Mr. Sampath - The Printer of Malgudi
- First edition
- Author: R.K. Narayan
- Language: English language
- Genre: Novel
- Publisher: Eyre and Spottiswoode
- Publication date: 1949
- Publication place: India
- Media type: Print
- ISBN: 978-1-4000-4477-1
- OCLC: 64574159
- Dewey Decimal: 823/.914 22
- LC Class: PR9499.3.N3 A6 2006b
- Preceded by: The English Teacher
- Followed by: The Financial Expert

= Mr. Sampath – The Printer of Malgudi =

Novel by R. K. Narayan

Mr. Sampath – The Printer of Malgudi is a 1949 novel by R. K. Narayan. It was adapted into the films Mr. Sampat (Hindi, 1952) and a Tamil film sharing the same title (1972).

A comic realist novel of manners, Mr. Sampath marks the first of three Narayan novels that take an external approach, focusing on events outside the protagonist, in contrast to Narayan's more internally-focused earlier novels. The novel is set in 1938 under the British Raj, in the fictional town of Malgudi.

==Plot==

The novel is made up of two parts: a first part dealing with the publication of a newspaper and centered on Mr. Sampath, and a second part focus on movie production and centered on Mr. Srinivas.
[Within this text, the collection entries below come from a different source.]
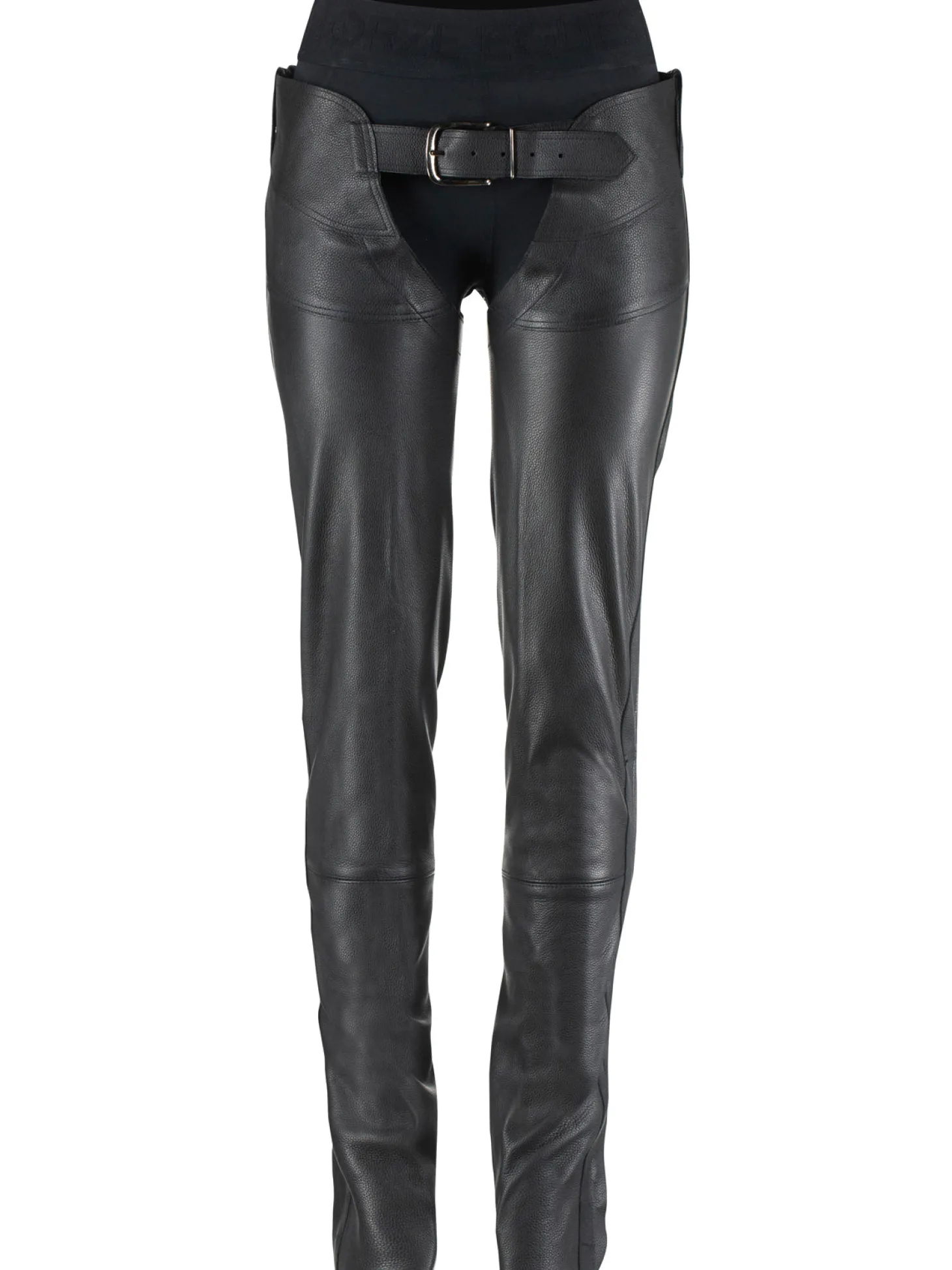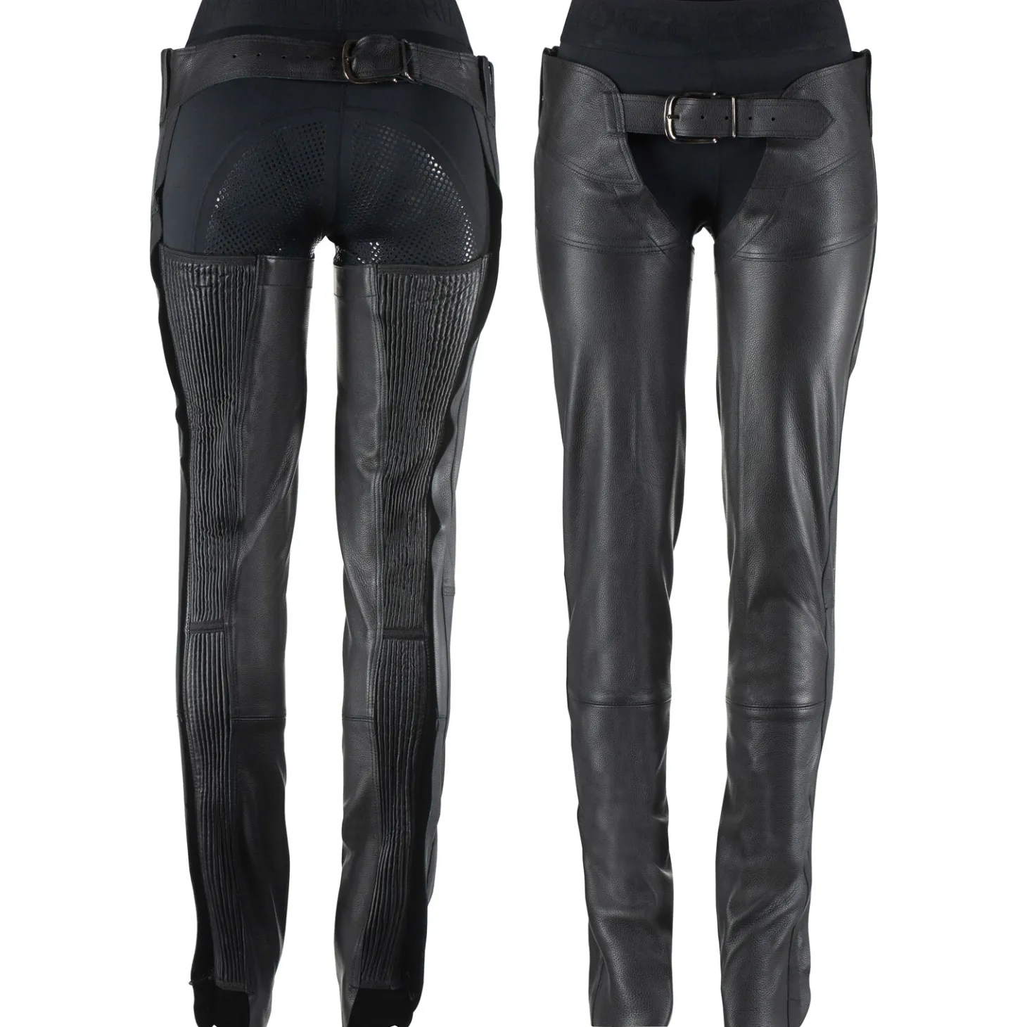Full chaps also reduce wear and tear on your clothes washing machine by keeping dirt and mud off breeches. Because these leather chaps have elastic panels, they get more comfortable with every ride. Adjustable at front and back. Hems can be cut to suitable lengths at the bar-tack stitches. Silver-finish hardware.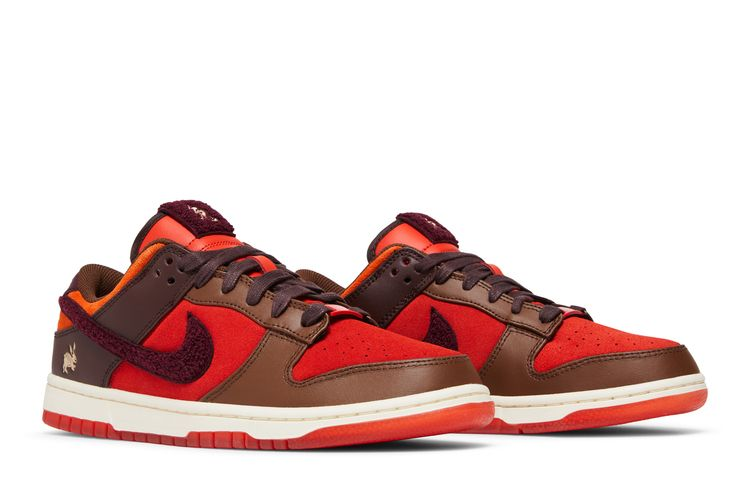 The Nike Dunk Low Retro PRM Year of the Rabbit Light Crimson (2023) is part of the ‘Year of the Rabbit’ pack, paying tribute to the lunar new year. This low-top sneaker sports an orange suede upper complemented by brown leather overlays and a chenille Swoosh. The design includes a rabbit graphic on the lateral heel and Chinese characters on the chenille tongue tag, translating to ‘rabbit.’ The shoe is constructed on a traditional cupsole with off-white sidewalls and a red semi-translucent rubber outsole.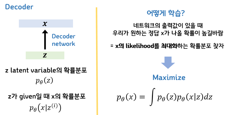 따라서 VAE에서도 우리는 x의 likelihood를 최대화하는 확률분포를 만들고 싶은 것이 목적이 되고,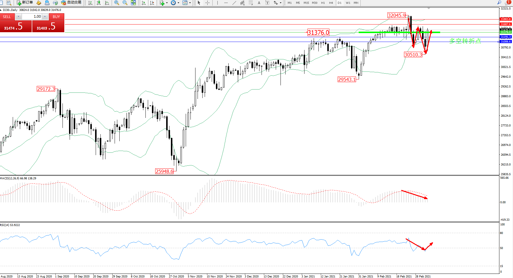 技术点评:高位空头动力伺机入场,纠结于布林带指标通道维持宽幅震荡走势中,低位下破布林带指标下轨至30510位置节点后得到支撑,多头动力强势拉升,突破中轨附近节点后开始整理,布林带指标呈收口走势后开始有缓慢张口迹象,关注中轨附近节点,MACD指标处于多头区域维持整理缓慢下移,即将触及0轴线附近节点,RSI指标处于50均衡线附近节点维持窄幅整理中;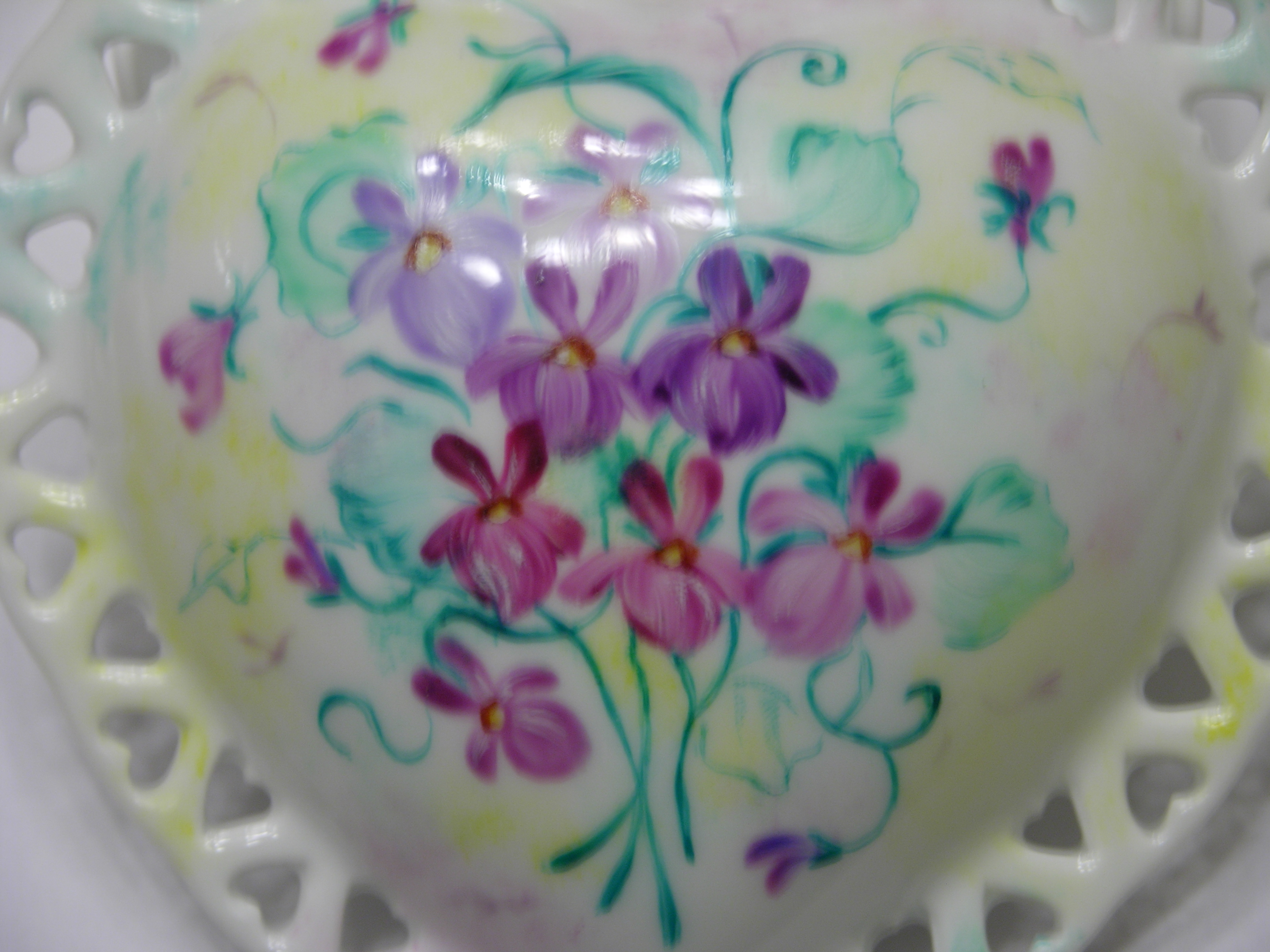 Delizioso portagioie in porcellana valorizzato da un fascio di Violette del pensiero. |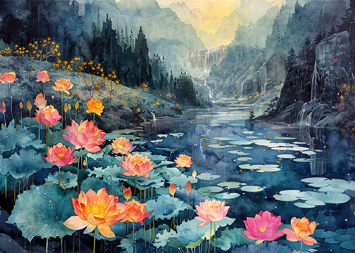 Misty Mountain River and Water Blooms Digital Art By AnnaV Frame Format-Ratio 5:7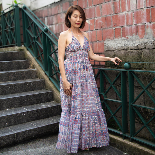 Dress Forum Mosaic Blue Halter Maxi Dress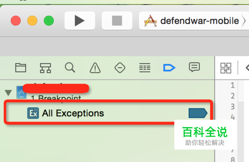 我们可以在“断点导航”界面中看到多了一项“All Exceptions”。 然后我们重新运行程序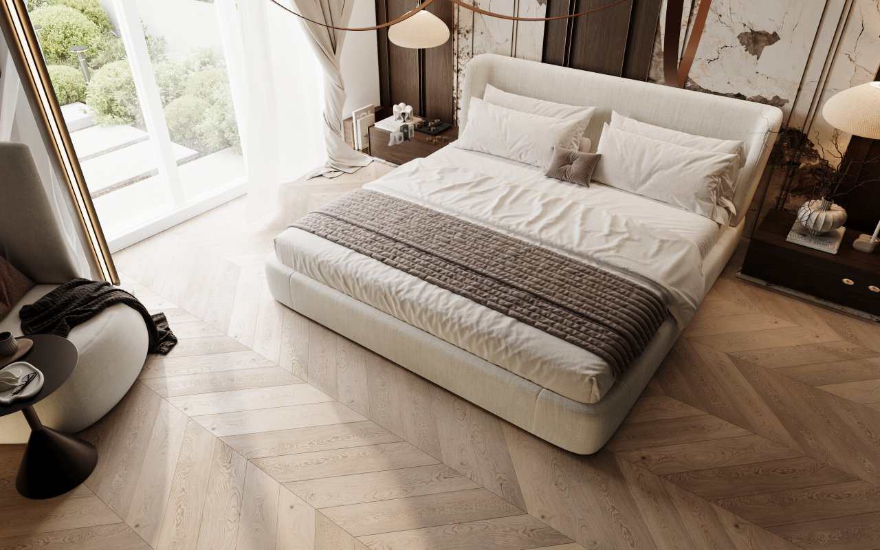 Adam Dolny za projekt „Harmonia zaklęta w jodełce” z podłogą FertigDeska Chevron Dąb Color Caldo. Ta sypialnia to esencja spokoju, ponadczasowej elegancji i subtelnej zmysłowości. Projekt opiera się na harmonijnym połączeniu naturalnych materiałów, miękkich form i wysublimowanych detali. Drewniane podłogi, ułożone w jodełkę francuską, wprowadzają do wnętrza rytm, szlachetność i architektoniczną głębię.

In the first part, to bring out the journal The Banner, Mr. Srinivas, the editor, and Mr. Sampath, the printer, have to work together. The two entirely contrasting good-hearted characters forge a great partnership that makes The Banner the center of attention in Malgudi. However, a situation arises and they have to temporarily discontinue the journal.

In the second part, Srinivas and Sampath join hands with a film-making company where they have to trace varying paths, with their special bond still very deep. A love affair with the actress of the movie makes life difficult for the daring and over-ambitious Sampath, while the ethical Srinivas has his problems of over-responsibility. Some sour incidents in the studio force Srinivas to quit and revive his Banner with another printer, a thing that doesn't seem to bother Sampath caught entirely in the charm of the heroine. But Sampath comes back after the loss of the lady, his wealth, fame, and peace.